## PROVIDED DATA
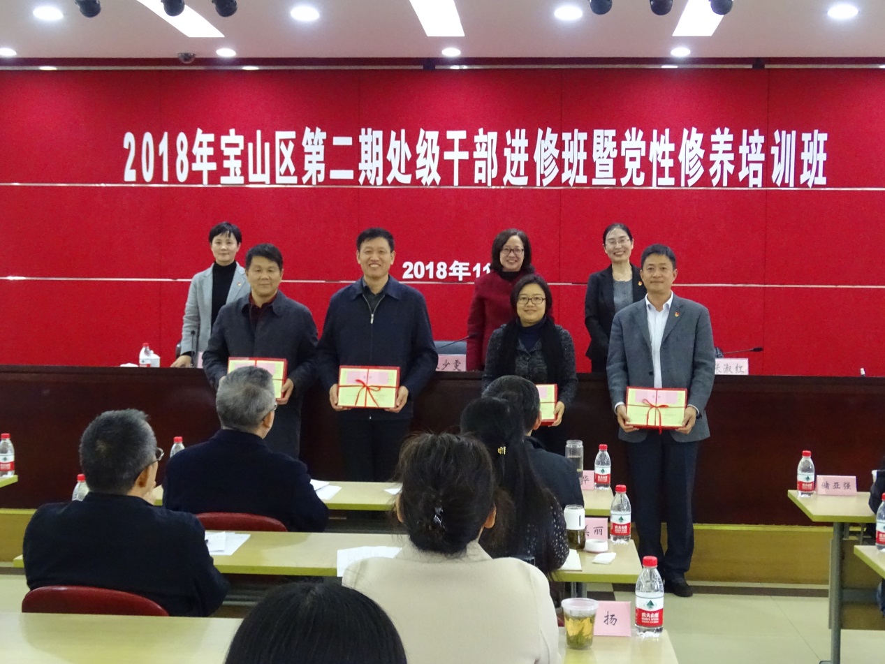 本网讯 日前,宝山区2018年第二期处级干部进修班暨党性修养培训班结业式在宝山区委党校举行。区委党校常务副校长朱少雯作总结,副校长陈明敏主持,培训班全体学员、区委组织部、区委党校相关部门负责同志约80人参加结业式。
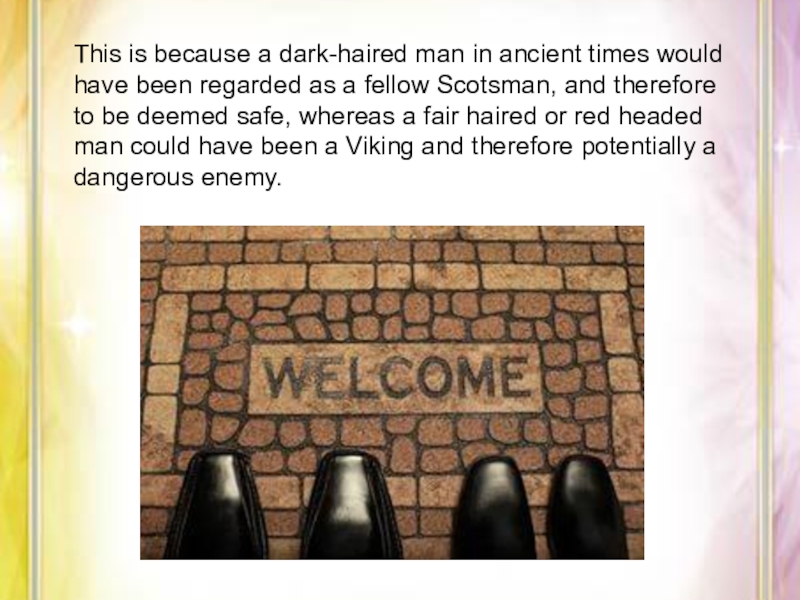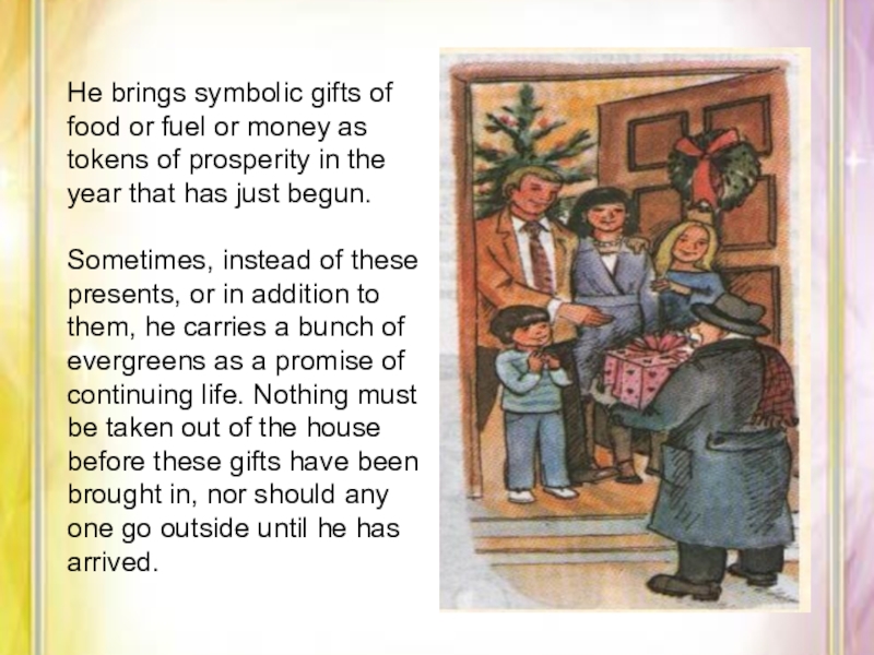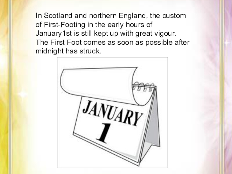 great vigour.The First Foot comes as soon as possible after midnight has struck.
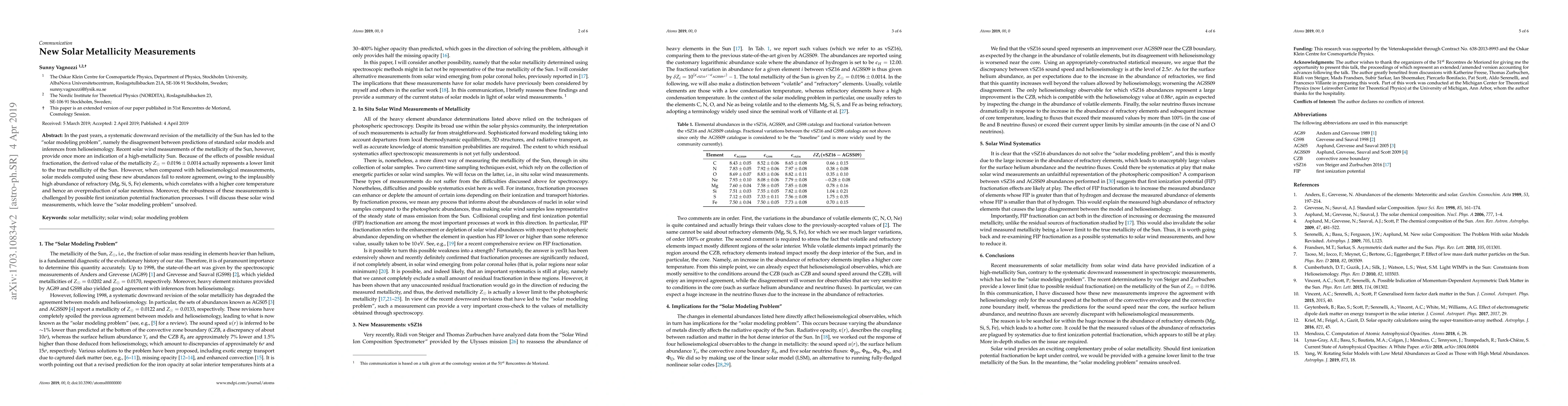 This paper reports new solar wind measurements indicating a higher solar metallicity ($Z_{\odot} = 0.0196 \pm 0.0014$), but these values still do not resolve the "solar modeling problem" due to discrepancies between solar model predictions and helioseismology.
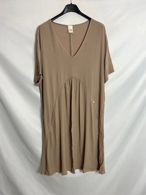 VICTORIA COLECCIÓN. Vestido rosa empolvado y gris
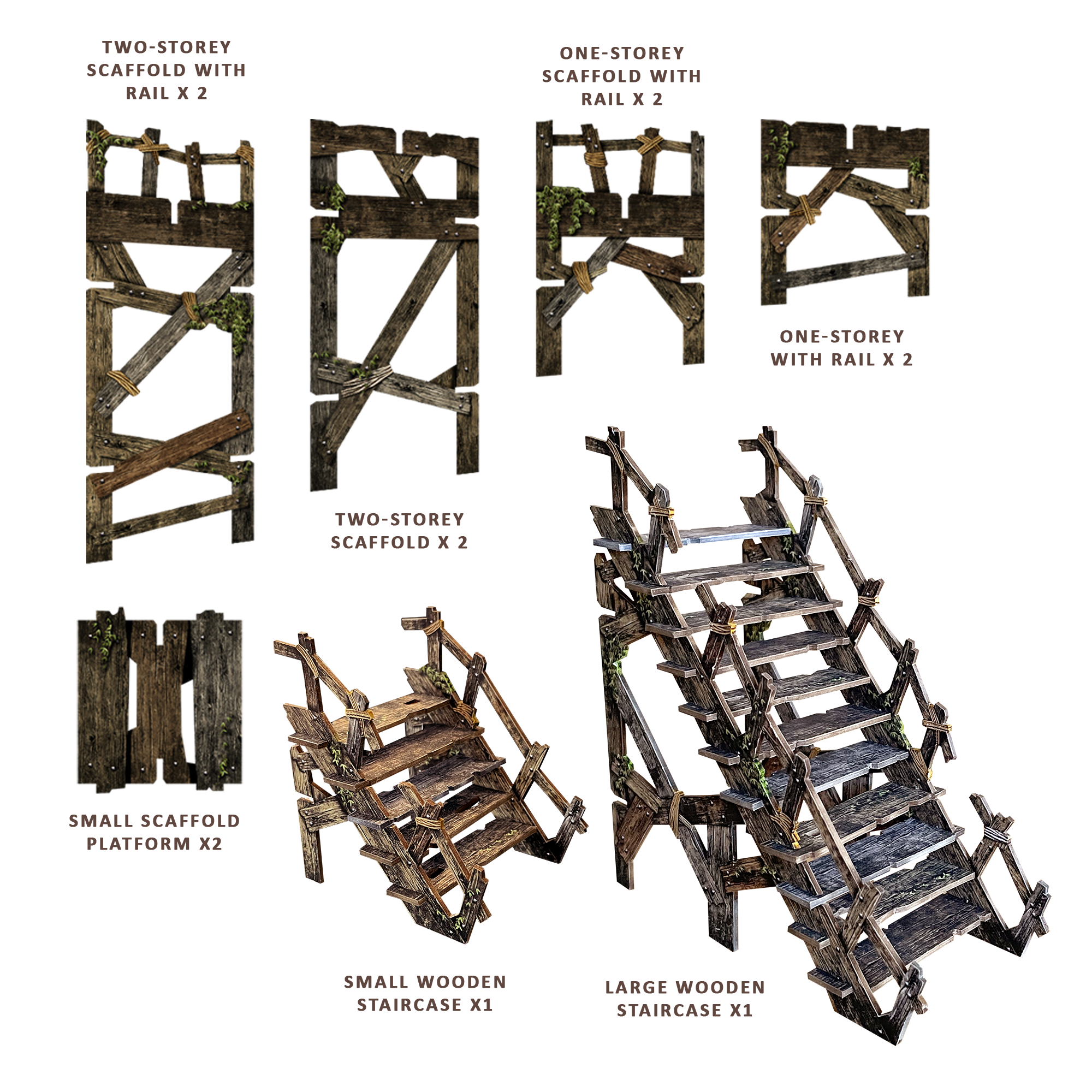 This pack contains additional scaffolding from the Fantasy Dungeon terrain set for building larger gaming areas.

---

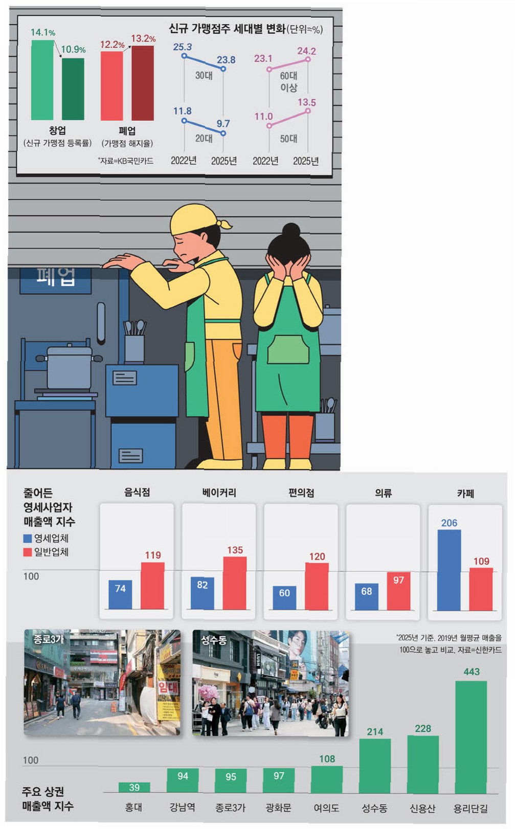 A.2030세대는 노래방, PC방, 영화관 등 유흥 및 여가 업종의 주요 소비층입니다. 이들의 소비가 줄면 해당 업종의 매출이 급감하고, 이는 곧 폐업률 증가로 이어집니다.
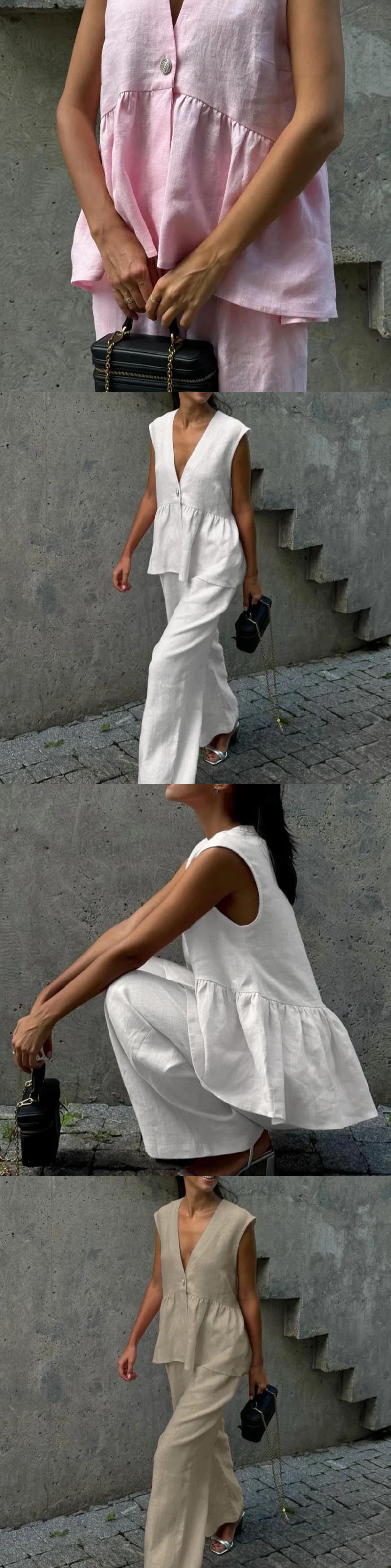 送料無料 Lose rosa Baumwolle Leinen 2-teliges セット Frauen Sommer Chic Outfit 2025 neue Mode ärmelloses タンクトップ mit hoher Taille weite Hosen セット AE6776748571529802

* * *

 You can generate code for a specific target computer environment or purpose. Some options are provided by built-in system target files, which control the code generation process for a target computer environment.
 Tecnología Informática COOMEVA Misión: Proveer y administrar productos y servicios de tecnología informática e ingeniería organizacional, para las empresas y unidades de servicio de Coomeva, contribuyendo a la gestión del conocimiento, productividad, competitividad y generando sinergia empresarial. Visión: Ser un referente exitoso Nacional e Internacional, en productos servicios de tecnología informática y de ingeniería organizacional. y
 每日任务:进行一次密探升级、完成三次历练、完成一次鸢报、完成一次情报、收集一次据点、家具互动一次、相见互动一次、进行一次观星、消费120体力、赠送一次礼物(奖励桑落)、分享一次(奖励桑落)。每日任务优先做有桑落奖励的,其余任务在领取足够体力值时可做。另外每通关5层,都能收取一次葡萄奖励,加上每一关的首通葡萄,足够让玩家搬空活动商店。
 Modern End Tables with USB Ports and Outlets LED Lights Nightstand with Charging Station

## TASK TO CARRY OUT
Within the listing above, print exactly the stretch beginning at the line that contains "本网讯 日前,宝山区2018" and finishing at the line that contains "This pack contains", ends kept, pictures left out, and nothing more.

## PROBLEM SOLUTION
 本网讯 日前,宝山区2018年第二期处级干部进修班暨党性修养培训班结业式在宝山区委党校举行。区委党校常务副校长朱少雯作总结,副校长陈明敏主持,培训班全体学员、区委组织部、区委党校相关部门负责同志约80人参加结业式。
 great vigour.The First Foot comes as soon as possible after midnight has struck.
 This paper reports new solar wind measurements indicating a higher solar metallicity ($Z_{\odot} = 0.0196 \pm 0.0014$), but these values still do not resolve the "solar modeling problem" due to discrepancies between solar model predictions and helioseismology.
 VICTORIA COLECCIÓN. Vestido rosa empolvado y gris
 This pack contains additional scaffolding from the Fantasy Dungeon terrain set for building larger gaming areas.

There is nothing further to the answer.